Вновь промелькнула вся скорбная вереница несчастных германских поэтов, загубленных неизбежной, казалось ему, нищетой, и он рассердился:
– Голодная смерть, если не добьетесь большого, очень большого успеха, да и при очень большом, настоящем успехе, если правду сказать. Прибавьте к этому, что труд художника – вечная каторга, на которую стоит только попасть, чтобы уже никогда от неё не отбиться. На этой каторге не бывает ни сна, ни покоя, ни выходных, ни даже полной уверенности в себе, уверенности в том, что созданное вами на что-то годится. Кто скажет вам настоящую цену?
Он подумал опять о Некрасове, о его непременно волчьих глазах и в раздражении продолжал:
– Никто, потому что в искусстве многое, почти всё, неопределенно и зыбко.

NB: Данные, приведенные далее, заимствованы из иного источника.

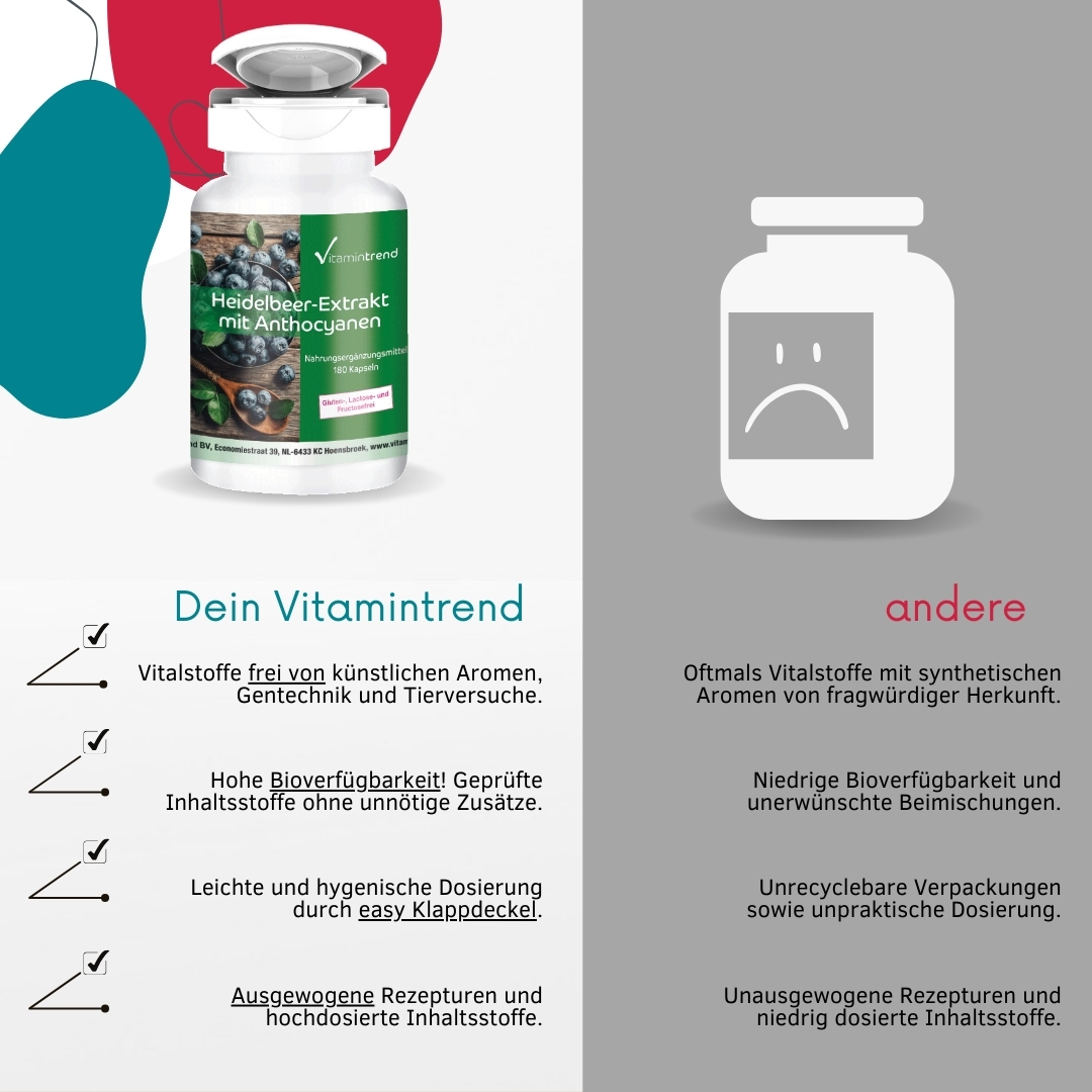 Diese kraftvolle Kombination unterstützt die Hautgesundheit, indem sie die Elastizität fördert, vor freien Radikalen schützt und das allgemeine Hautbild verbessert. Grüner Tee unterstützt den Zellschutz und trägt zu einem natürlichen Energiehaushalt bei., Beta-Carotin bietet antioxidativen Schutz und Heidelbeer-Extrakt steigert die Vitalität der Haut mit seinem reichhaltigen Nährstoffprofil. Ideal für alle, die ihre Haut von innen heraus pflegen möchten.

К совершенству идут в одиночку, наверно не зная ни средств к тому, ни пути. Возьмите великого из великих, Шекспира. Сколько чудовищностей у него, сколько безвкусия. Что об остальных прочих-то говорить, нечего об них говорить. Спасенье одно – в непрерывном, в неустанном, в неусыпном труде. Легкое, изящное стихотворение Пушкина потому и кажется легким, что оно слишком долго клеилось из клочков, перемарывалось десятки раз в черновиках и в беловиках, которые потом становились черновиками. Способны ли вы, Трутовский, на такие-то вот труды?

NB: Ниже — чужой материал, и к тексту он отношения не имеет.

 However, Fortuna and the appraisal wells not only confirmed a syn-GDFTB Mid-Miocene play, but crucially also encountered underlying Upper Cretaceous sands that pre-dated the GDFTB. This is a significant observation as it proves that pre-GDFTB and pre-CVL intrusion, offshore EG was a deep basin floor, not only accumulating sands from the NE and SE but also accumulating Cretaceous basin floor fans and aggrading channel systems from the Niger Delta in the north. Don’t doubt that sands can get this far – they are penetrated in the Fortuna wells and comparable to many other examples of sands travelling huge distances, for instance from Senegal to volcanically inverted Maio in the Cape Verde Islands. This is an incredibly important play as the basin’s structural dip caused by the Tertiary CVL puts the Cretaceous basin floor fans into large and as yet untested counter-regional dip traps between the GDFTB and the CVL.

Трутовский, простой и невинный, с жидкими волосами, костлявый, худой, отзывчивый, но молчаливый, робко взглядывал на него с обожанием, без внимания листая альбом:
– Я, Федор Михайлович, закон этот знаю и думаю, что могу, я бы очень, очень хотел, мне бы надо, потому что это… как бы вам изъяснить…
Превосходно понимал он это косноязычие зеленого юноши, с самого детства изведал эти порывы, и то узнал наконец, как мало таких-то безвинных порывов, как много крови души и мозолей труда положил он в свой первый роман. А Некрасов, волчьи глаза он вдруг увидел прямо перед собой, уже готов зарезать этот роман, дожидаясь, должно быть, только того, когда восторженный шалопай Григорович дочитает последний клочок, то есть самые важные последние письма, которые сам он писал и читал не без слез, и от свежих порывов Трутовского ему стало грустно, а мысль о Некрасове нагнала злую тоску.
Поворотившись спиной, разглядывая пятно на голой стене, он продолжал неприязненно, грозно, прикидывая в уме, за какое по счету письмо оба изверга там принялись:
– Вас ведь оставили при училище репетитором. Это прекрасная должность, благородное, честное дело. Успехи учеников станут вашей вечной отрадой, на душе у вас будет покойно, у вас будут товарищи, даже друзья. А искусство, Трутовский, требует всего человека, искусство не оставляет умственных и физических сил ни на что. С искусством нет жизни, кроме искусства. С искусством не может быть более ничего! Вам ещё остановиться не поздно. Предупреждаю вас как товарищ, вам выбирать.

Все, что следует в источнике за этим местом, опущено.